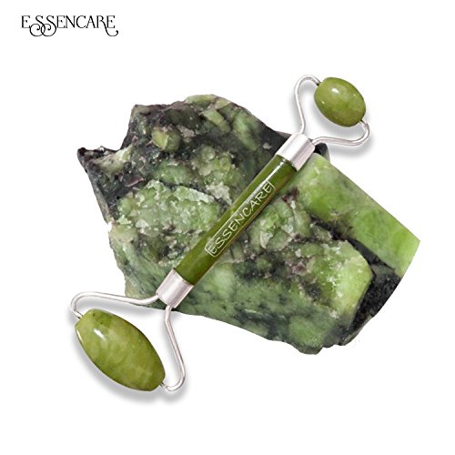 **ESSENCARE PREMIUM AUTHENTIC JADE ROLLER MASSAGER ANTI-AGING TREATMENT using the highest quality jade. This powerful stone has been used for healing by Eastern traditional cultures for thousands of years. It emits energy waves of a special nature. They penetrate deep into tissues to stimulate circulation, create a healing energy process, and encourage better use of nutrition. Jade can heal face and skin to eliminate wrinkles, fine lines, crows feet, and other signs of aging. Your skin becomes younger and helps you roll back the years to look more youthful. Use this jade roller for a few minutes each night before bed. Then get ready for all the compliments you're going to get!
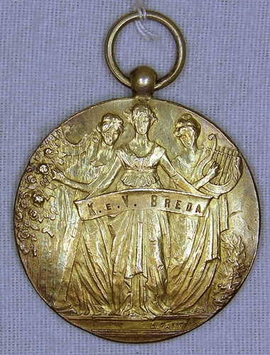 Medaille St. Cecilia Eindhoven - z.j., zilver, verguld, diam. 50 mm, dikte 3 mm, gesigneerd vz.: ´A. FALISE´, opschrift vz.: ´K.E.V. BREDA´, opschrift kz.: ´1E PR. 2E AFD. 388 P ST. CECILIA EINDHOVEN´
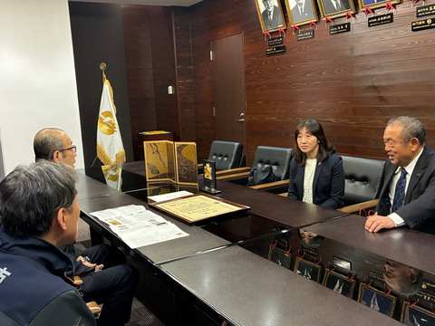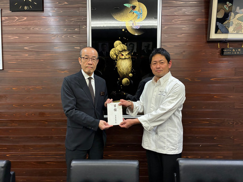 全日本・食学会様から復興支援として、売上金の一部を寄附金としていただきました。当日は、京都でお店を構える前田シェフから目録を受け取り、市長が感謝の言葉を伝えました。
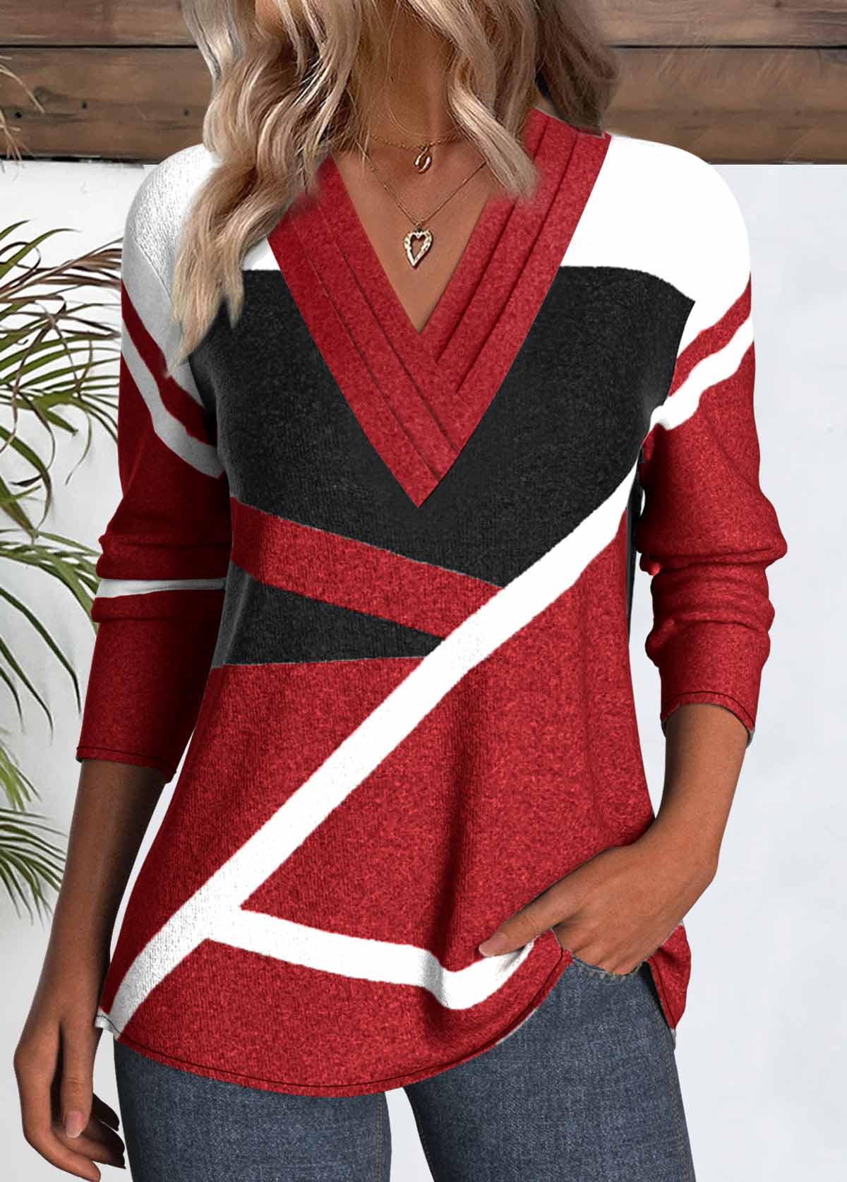 women's clothes / Tops / Tees&T-shirts  /  Red Patchwork Geometric Print Long Sleeve T Shirt
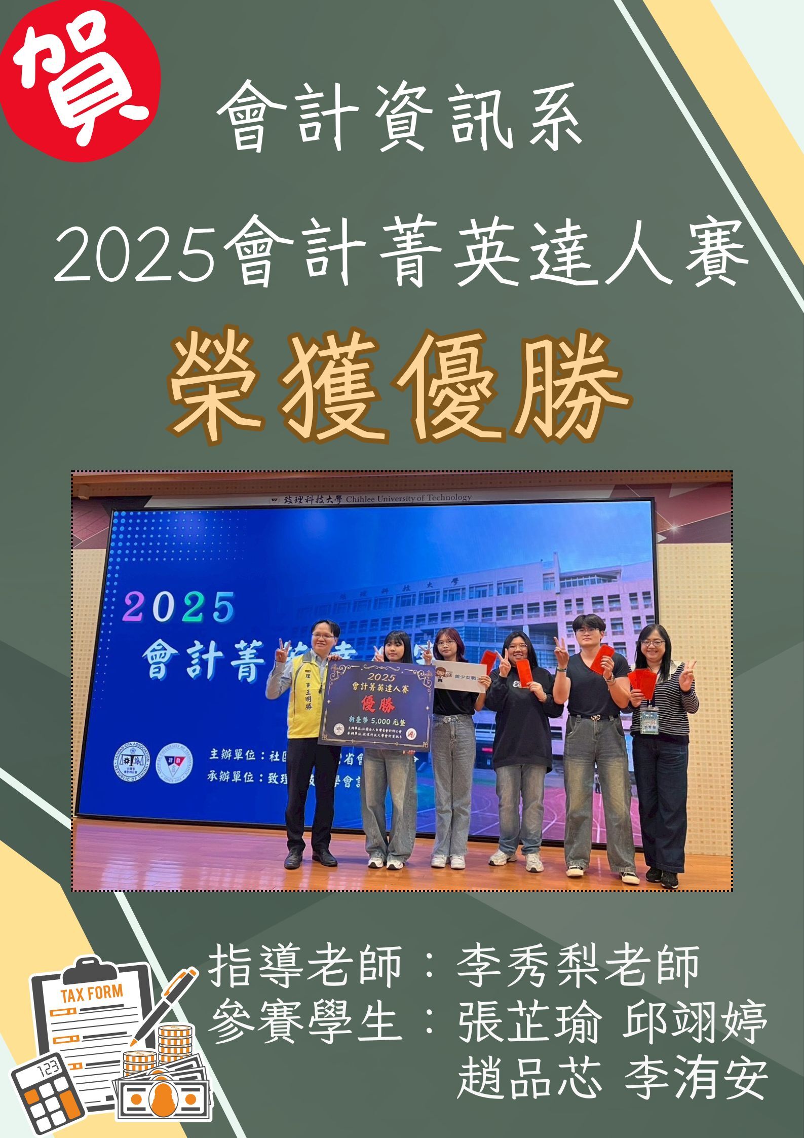 【會資系】狂賀本系李秀梨老師指導學生參加「2025會計菁英達人賽 」榮獲優勝
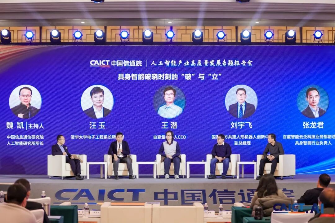 主旨演讲结束后,“具身智能破晓时刻的‘破’与‘立’” 圆桌论坛如期举行,由中国信通院人工智能研究所所长魏凯主持,汪玉与自变量机器人CEO王潜、国家地方共建人形机器人创新中心副总经理刘宇飞、百度智能云副总经理张龙君同台对话。汪玉指出,具身智能发展需整合所有能力的大模型,2025年机器人运动控制显著提升,真机强化学习将迎阶段性成果,行业仍处初级阶段,核心短板为数据与模型能力,未来1-3年半封闭场景可人类接管的具身智能将批量落地, 呼吁央企国企加强和高校合作,加大校企合作的投入。嘉宾们多维度探讨,为具身智能从 “技术热” 走向 “产业热” 提供宝贵洞见。
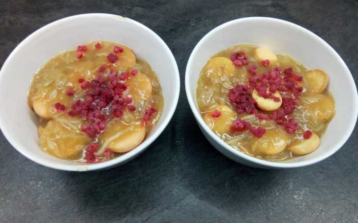 Část pudinku dáme do misky, přidáme pár piškotů na zasycení, zalijeme zbytkem pudinku.
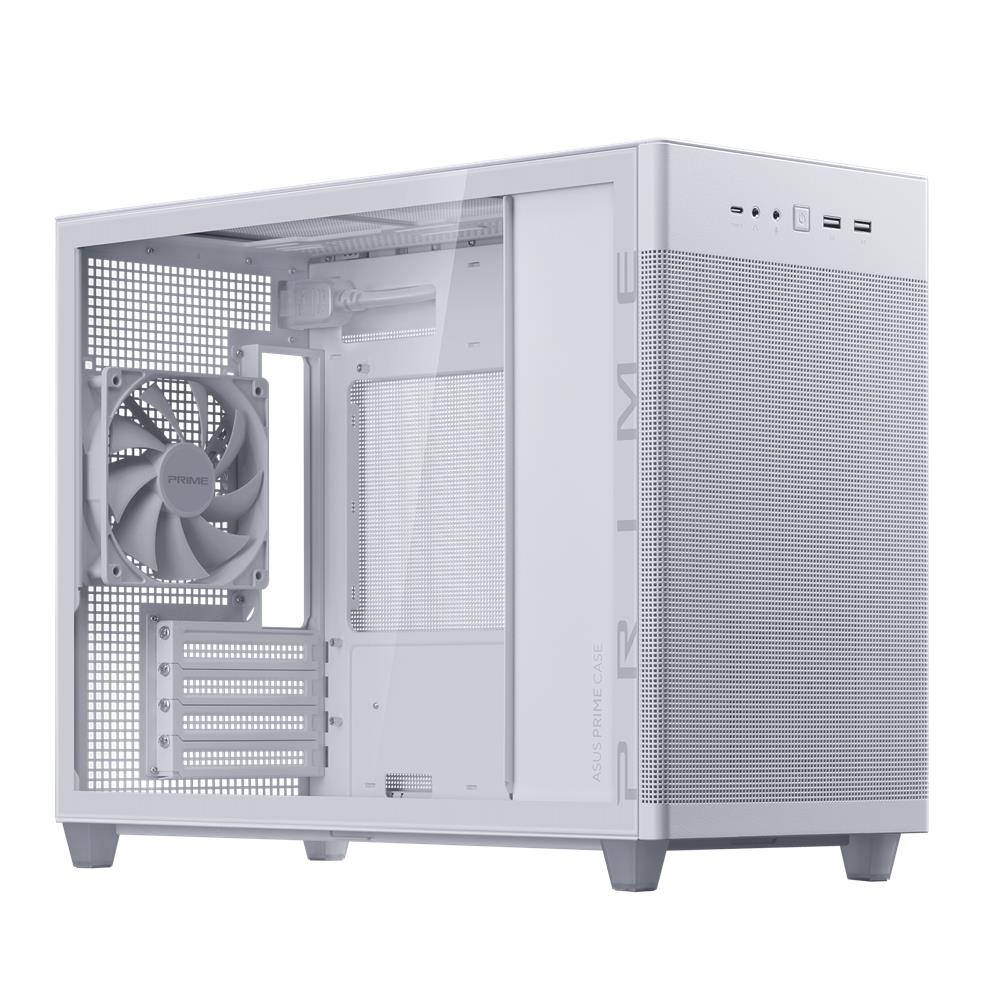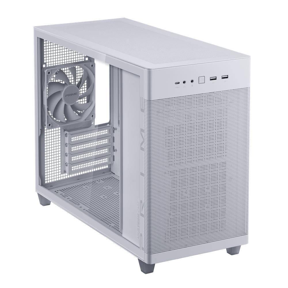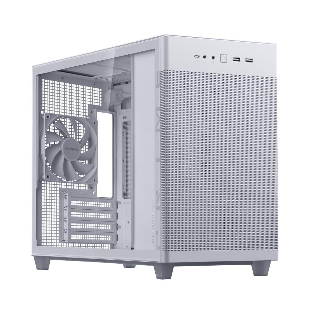 ASUS Prime AP201 Tempered Glass MicroATX Gehäuse Weiß, unterstützt 360-mm-Kühler, ATX-Netzteile
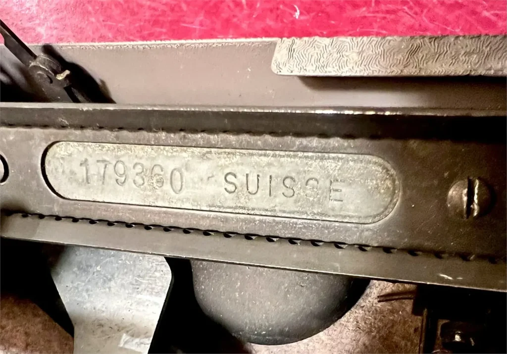 Mention “Suisse” et numéro de série frappé sur la machine.
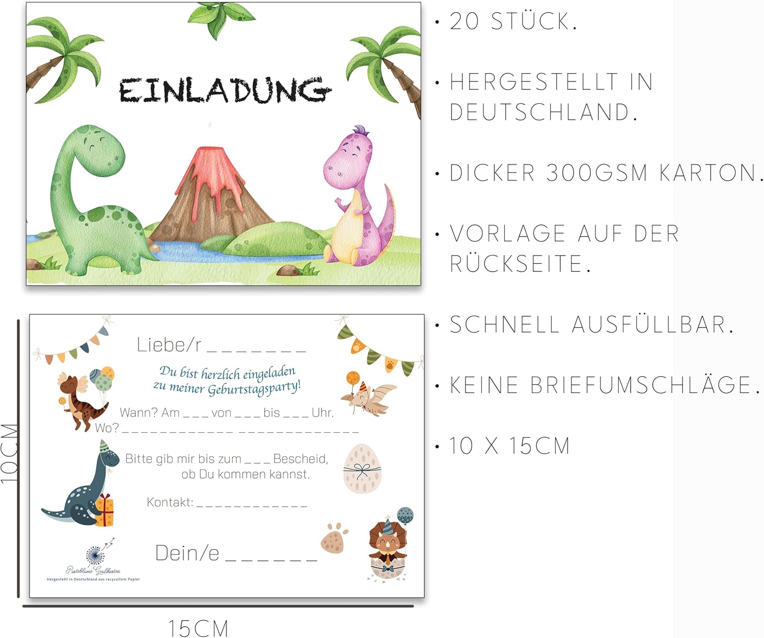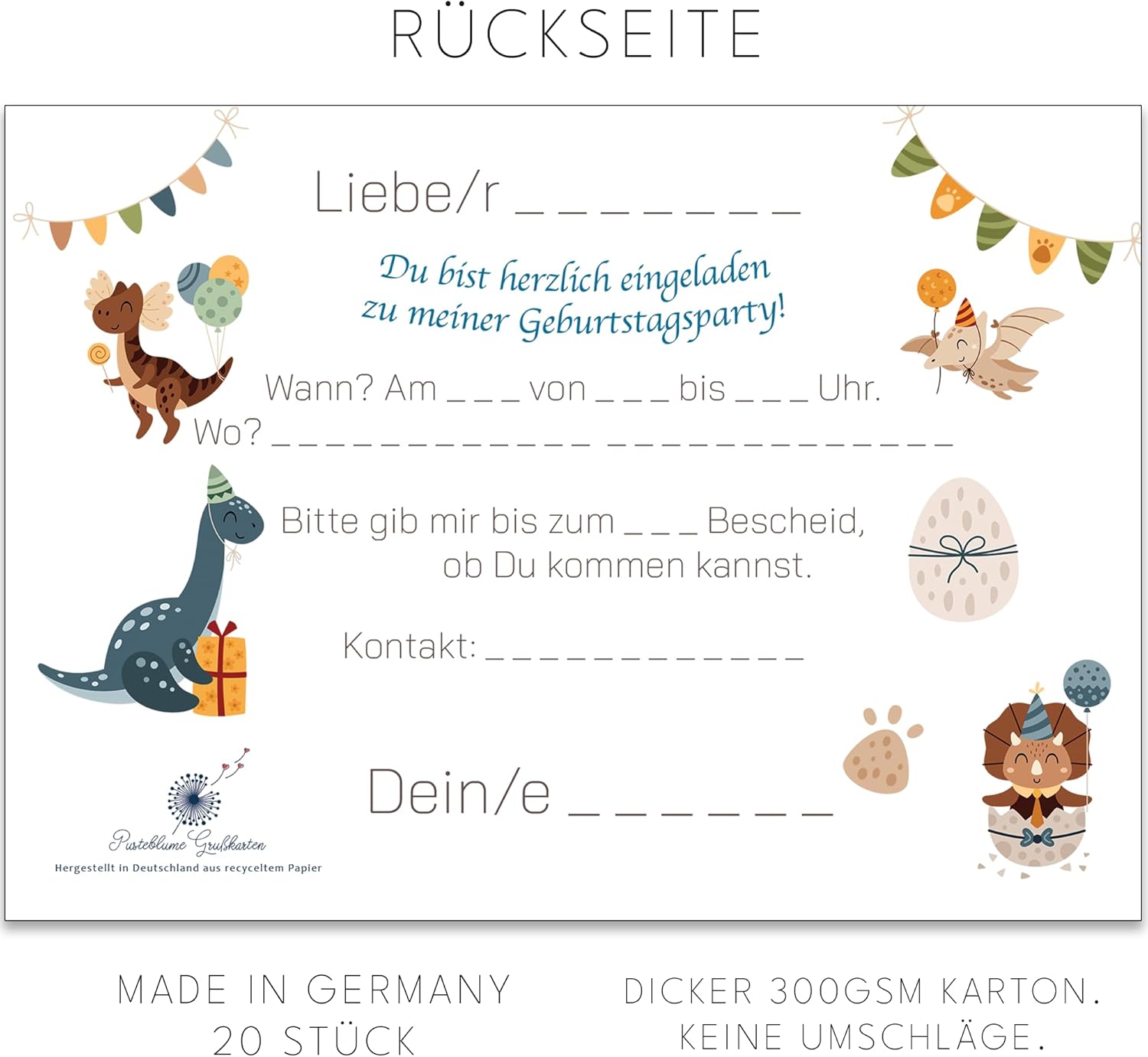 Colorato, allegro, fantastico: con questi biglietti d'invito arcobaleno il compleanno dei bambini diventa una piccola festa già quando si invita! Questo set contiene 20 biglietti A6 con un arcobaleno decorato con cura sulla parte anteriore, simbolo di gioia, amicizia e tanto divertimento. I biglietti sono realizzati in cartone riciclato, robusto, ecologico e progettato con amore. Sul retro c'è abbastanza spazio per tutte le informazioni importanti sulla festa: chi invita quando sorge la pausa e dove si nasconde il prossimo uovo di dinosauro? Basta compilare, distribuire e iniziare il viaggio nel tempo! Formato A6: maneggevole, ordinato e perfetto da distribuire a scuola o all'asilo. Realizzato in cartone riciclato, ecologico e resistente. Progettato con amore da una piccola azienda a conduzione familiare in Germania, qualità con cuore.
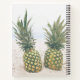 Carnet de spirale avec une photo représentant une paire d'ananas sur une plage de sable.
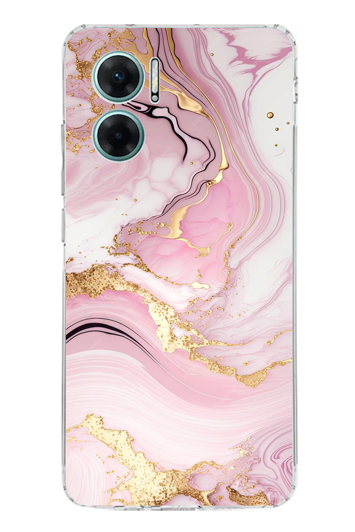 TechTree حافظة سيليكون متوافقة مع هاتف Redmi Note 11E باللون الوردي الرخامي مطبوع
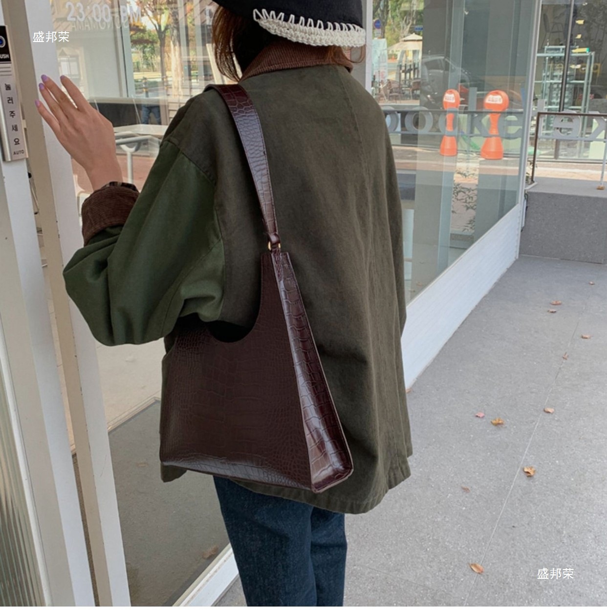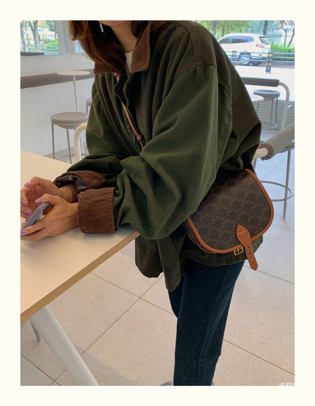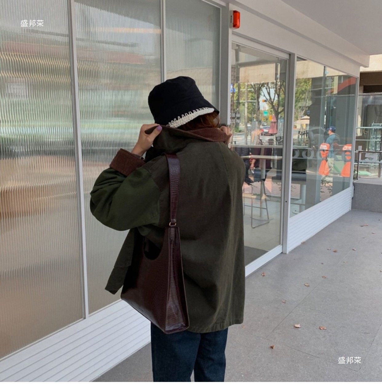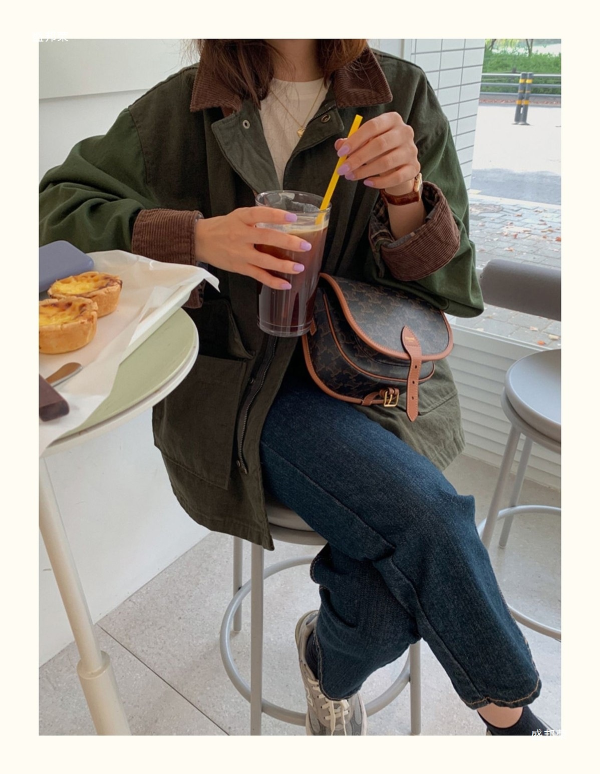 미국식 옷깃 카키 크록 재킷 여성 가을 및 겨울 느슨한 하이 엔드 캐주얼 레트로 중간 길이의 코트 탑스토어 가기
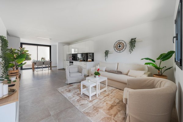 Die durchdachte Raumaufteilung umfasst drei einladende Schlafzimmer und zwei Badezimmer sowie ein zusätzliches Gäste-WC für noch mehr Komfort. Hochwertige Materialien sind überall zu finden, vom Feinsteinzeugboden bis zur voll ausgestatteten Kuchen-Küche.

DIRECTIONS
Please output the lines of the records above from the one with "미국식 옷깃 카키 크록" through the last, exactly as they appear and with both ends included; skip any pictures and add nothing.

SOLVED PROBLEM
 미국식 옷깃 카키 크록 재킷 여성 가을 및 겨울 느슨한 하이 엔드 캐주얼 레트로 중간 길이의 코트 탑스토어 가기
 Die durchdachte Raumaufteilung umfasst drei einladende Schlafzimmer und zwei Badezimmer sowie ein zusätzliches Gäste-WC für noch mehr Komfort. Hochwertige Materialien sind überall zu finden, vom Feinsteinzeugboden bis zur voll ausgestatteten Kuchen-Küche.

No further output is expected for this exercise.